Based on the logestic regression method we know that $\frac{\partial Z^{[L]}}{A^{[L-1]}} = (\omega^{[L]})^{T}$ and $\frac{\partial Z^{[L - 1]}}{\omega^{[L-1]}} = (A^{[L - 2]})^{T}$. Thus, using these equation and $\delta^{[L]}$ in eq. \ref{eq:l_1layer1}, we have

\begin{equation}
\frac{\partial J}{\partial \omega^{[L - 1]}} = \{[(\omega^{[L]})^{T} . \delta^{[L]}] \odot \frac{d A^{[L -1]}}{d Z^{[L - 1]}}\} . (A^{[L - 2]})^{T} \tag{10}
\label{eq:l_1layer3}
\end{equation}

where the $\odot$ operator is a member-wise multiplication or **Hadamard multiplication**. 

Now let's define

\begin{equation}
\delta^{[L - 1]} = ((\omega^{[L]})^{T} . \delta^{[L]}) \odot \frac{d A^{[L -1]}}{d Z^{[L - 1]}}\tag{11}
\end{equation}

So for eq. \ref{eq:l_1layer3} we have
\begin{equation}
\frac{\partial J}{\partial \omega^{[L - 1]}} = \delta^{[L - 1]} . (A^{[L - 2]})^{T} \tag{12}
\label{eq:l_1layer4}
\end{equation}


Generaizing this result, for the layer $l < L$ , we have
\begin{equation}
\delta^{[l]} = [(\omega^{[l + 1]})^{T} . \delta^{[l + 1]}] \odot \frac{d A^{[l]}}{d Z^{[l]}}  \tag{13}
\label{eq:delta}
\end{equation}
\begin{equation}
\frac{\partial J}{\partial \omega^{[l]}} = \delta^{[l]} . (A^{[l - 1]})^{T} \tag{14}
\label{eq:cost_der}
\end{equation}

With similar approch we can find $\frac{\partial J}{\partial b^{[l]}}$.


Therefore, in the back propagation algorithm, we take these steps:

1. for the last layer $l = L$, use the eq.\ref{eq:lastlayer2} to compute $\delta^{[L]}$,
2. then, for all the other hidden layers, we calcualte $\delta^{[l]}$ using eq. \ref{eq:delta};
3. having $\delta^{[l]}$, we can now calcualte $\frac{\partial J}{\partial \omega^{[l]}}$ and $\frac{\partial J}{\partial b^{[l]}}$;
4. using eq. 1 and eq. 2 in Lecture IV, at the last step of this part, we compute the new *weight* and *bias* ($\omega^{[l]}$ and $b^{[l]}$).

Following the rank of matrices in this calculation can be helpful to understand better the equation presented here. 

In [4]:
def back_propagation(l, A_prim, w, D): 
    
    delta = np.atleast_2d(np.dot(np.transpose(w), D) * A_prim)
    
    return delta
    
def update(omega, learning_rate, A, D, b, m):
    a = np.atleast_2d(A)
    d = np.atleast_2d(D)
    ad = np.dot(d, a.T)
    omega -= (learning_rate/m) * ad
    
    sigma = (np.atleast_2d(np.sum(d, axis=1))).T
    b -= (learning_rate/m) * sigma
    
    return omega, b

Having all the needed functions and data, now we can build our neural network.
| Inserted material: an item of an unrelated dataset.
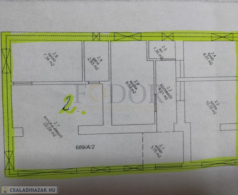Az ingatlan nyélen keresztül megközelíthető, nettó 69 m² alapterületű, 2 szobás lakás, amelyhez 500 m² saját telekterület tartozik.
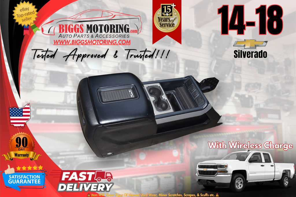 14-18 Factory Oem Chevy Silverado Black Center Floor Console W/ Wireless Charger

The first step is to initialize variables such as $\omega^{[l]}$ and $b^{[l]}$ (Lines: 24-28). 

In [5]:
#----------------------------------------------------------------------------------------------------------------

def NN(L, N_L, n_iteration, learning_rate, X_t, Y):
    
    
    m = X_t.shape[1]
    
    
    # DEFINE VARIABLES:
    #--------------------
    A = np.zeros((L+1), dtype=list)
    A_prim = np.zeros((L+1),dtype=list)
    omega = np.zeros((L+1),dtype=list)
    b = np.zeros((L+1),dtype=list)
    delta = np.zeros((L+1),dtype=list)
    
    
    # INITIALIZIATION:
    #--------------------
    for l in range(1, L+1, 1):
        
        n_o = N_L[l]       # number of nodes
        n_i = N_L[l- 1]    # number of inputs (or nodes of the previous layer)
        
        omega[l] = np.random.rand(n_o, n_i) * np.sqrt(1/n_i)
        b[l] = np.random.rand(n_o, 1)
        A[l] = np.zeros((n_o, m), dtype=float)
        A_prim[l] = np.zeros((n_o, m), dtype=float)
        delta[l] = np.zeros((n_o, m), dtype=float)
            

    for k in range(n_iteration):
        
        # FORWARD:
        #--------------------
        A[0] = X_t
        
        for l in range(1, L+1, +1):
            
            n_o = N_L[l]         # number of nodes
            #n_i = N_L[l - 1]    # number of inputs (or nodes of the previous layer)
            
           
            A[l], A_prim[l] = logestic_regression(l, A[l-1], omega[l], b[l])
            
        
        
        # BACKWARD:
        #--------------------
        for l in range(L, 0, -1):
            
            if l == L:        
                
                error = A[l] - Y
                delta[l] = np.atleast_2d(error)  # Note that if you define the Loss function defirently, this term would be different
                                                # for example, if you define Loss as \Sigma (A - Y)^2, delta[L] would be error * A_prim[L])
                
            else:
                delta[l] = back_propagation(L, A_prim[l], omega[l + 1], delta[l + 1])
            
            
            
        # UPDATE:
        #--------------------
        for l in range(1, L+1, 1):
            omega[l], b[l] = update(omega[l], learning_rate, A[l-1], delta[l], b[l], m)
            
            
             
    return omega, b
#----------------------------------------------------------------------------------------------------------------    

Now it's time to test the *learned* model parameters, $\omega^{[l]}$ and $b^{[l]}$. 

In [6]:
def predict(L, omega, b, X, Y):
    
    m = X.shape[1]
    A = np.zeros((L+1), dtype=list)
    
    
    A[0] = X
    for l in range(1, L+1, 1):

        n_o = N_L[l]     # number of nodes
        A[l] = np.zeros((n_o, m), dtype=float)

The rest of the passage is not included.